But the climate in the US for element hunting soon changed. On 2 April 1986 a late-night safety test at the Chernobyl power plant, near the town of Pripyat on the northern frontier of Ukraine, went horribly wrong. At 1.23 a.m. the plant’s number-four reactor exploded, shooting its parts through the roof of the building and starting fires across the complex. Almost 7t of radioactive matter scattered into the atmosphere.
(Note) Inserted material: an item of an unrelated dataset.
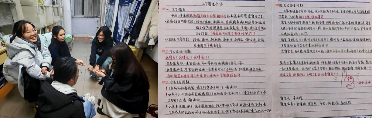 方法落地的关键在寝室内部。学院倡议开展的“寝室夜话”上,各寝室灯火通明,零食与饮料拉近距离。“我有轻微洁癖,希望大家用完卫生间及时清理,我也会多包容大家的小习惯”,3班赵同学的坦诚换来室友们的积极响应;“我打电话太晚影响休息,以后一定去阳台接,保证11点前安静”,孙同学主动致歉的举动让寝室氛围更显温馨。大家分享作息偏好、倾诉学习困扰,回忆一起参加校园运动、共同备考的点滴,隔阂在坦诚中消融,情谊在交流中升温。交流尾声,各寝室定制“个性化寝室公约”,从作息时间到公共物品管理,每一条都凝聚着共识。“这是我们守护‘小家’的约定”,同学们郑重签名,脸上满是期待。

The Chernobyl accident shifted US public opinion of nuclear power. Already, a less serious accident at the Three Mile Island Nuclear Generating Station in Pennsylv
ania on 28 March 1979 had made the public wary; Chernobyl tilted warped perceptions into outright fear. Nuclear opposition cited the ‘China syndrome’: that if a core went into meltdown, it wouldn’t stop tunnelling its way through the Earth until it reached China.1 The climate that had emerged in the 1940s and 1950s, a world excited at the prospect of new, clean and boundless energy, was over. Nuclear power was a pariah.
For Seaborg, the scepticism was a blow that almost unravelled his lifetime’s work. ‘I can’t claim to be blameless,’ he wrote in his autobiography. ‘My early boosterism of nuclear power may have contributed to later problems […] plants were prematurely escalated in size to proportions that strained the technology and magnified the potential consequences of an accident, no matter how unlikely.’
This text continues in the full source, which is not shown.